When she finally came to, hours later, he was who she saw. "What're you doing here?"
"You decided your bike wanted to be friends with my car."
"And landed in a ditch."
"Your dad's on his way."
"Oh, God." she started to cry, small tears turning into huge wracking sobs as the moments passed.
"Hey, hey," he wrapped his arms around her shoulders, pulling her fragile body so he could hold her properly. She clung to him, as if they'd been friends for years rather than a few moments here and there, "the doctors say you're going to be fine. A concussion and a broken arm, that's all. You're fine."
"How could I do this?"
He was about to say something funny about motorbikes being deathtraps until he saw her face. She was despairing, guilty, horrified and ashamed all at once. "What's wrong?" she didn't reply, just kept sobbing into his shoulder, "Kate, what did you do?"

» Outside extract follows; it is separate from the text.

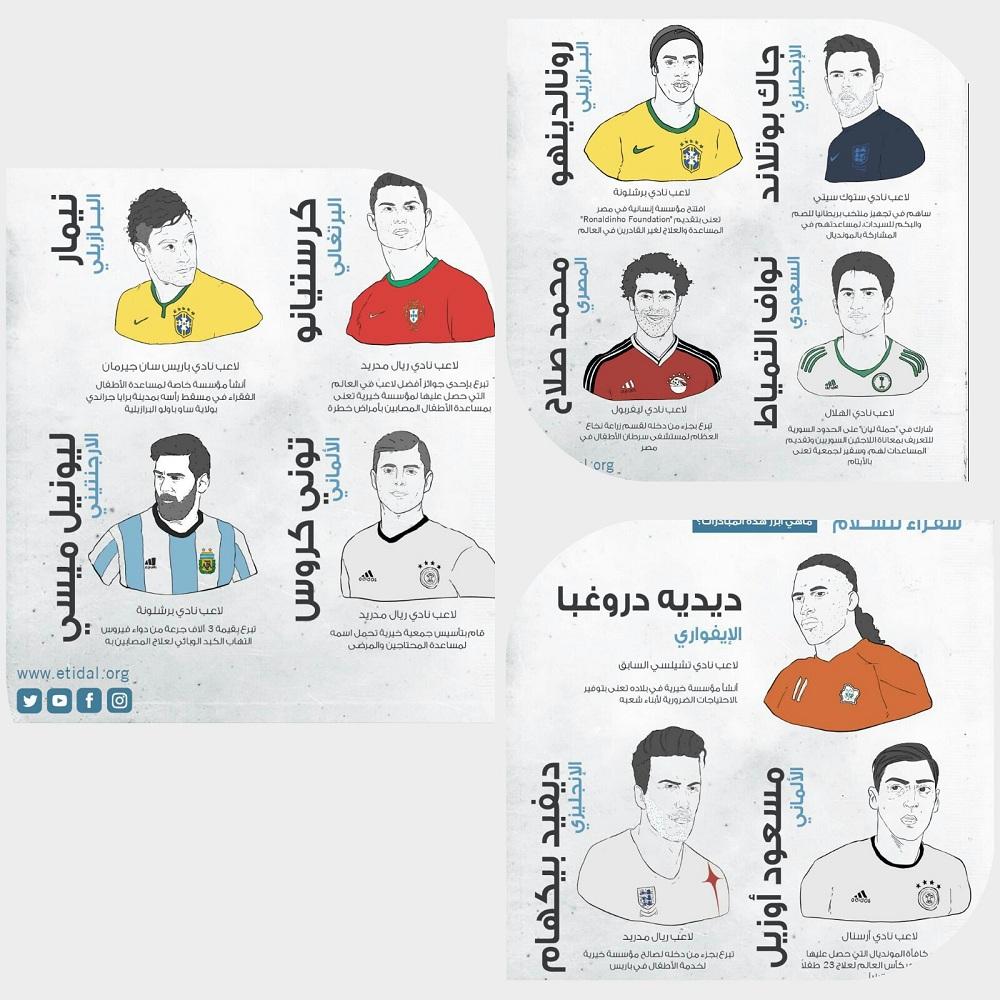 ومن أمثلة ذلك: لاعب نادي الهلال السعودي نواف التمياط، حيث شارك في حملة «ليان» على الحدود السورية للتعريف بمعاناة اللاجئين السوريين وتقديم المساعدات لهم، وهو سفير لجمعية تعنى بالأيتام، والمصري محمد صلاح لاعب نادي ليفربول الذي تبرع بجزء من دخله لقسم زراعة نخاع العظام لمستشفى سرطان الأطفال في مصر.

"It was my mom's funeral. This afternoon. And now he has to see his daughter in a hospital bed and it's my own fault."
"Oh. God, I'm so sorry." she was calming down a little, but he didn't think it was a release from pain. It looked like she was still sobbing wildly inside, and the calm was all pretense. "What happened?"
"She was stabbed. A random mugging gone wrong."
A haggard man, unshaven and a little drunk, appeared in the doorway. "Katie?"
She sniffed, and Rick watched as a wall came up in her eyes, masking the hurt he'd just seen. "Hi, dad."
He was holding her within moments, and Rick moved out of the way. He heard Alexis, bored of the nurse who'd been entertaining her, crying for him and started to move to the door. He was in the doorway when he heard Kate's father behind him.
"You found her?"
"She hit my car." he explained, "frightened my daughter in the process. I called the ambulance."
"And you waited?"
"Of course. I'm a father too, you know. If anyone left my girl in that state…" he broke up, suddenly feeling an echo of what the man must have felt. Wife dead, daughter in the hospital. That he was still breathing and capable of conversation was amazing. "She's going to be fine…"
"Jim." he supplied, "Jim Beckett. I know you, you're Richard Castle, Katie's favourite."
Kate actually looked embarrassed for a moment, before curling back into her father's embrace. Jim's attention turned back to her entirely, and he only looked up once more to Rick, "Thank you."
Rick nodded, and headed out to attend to Alexis.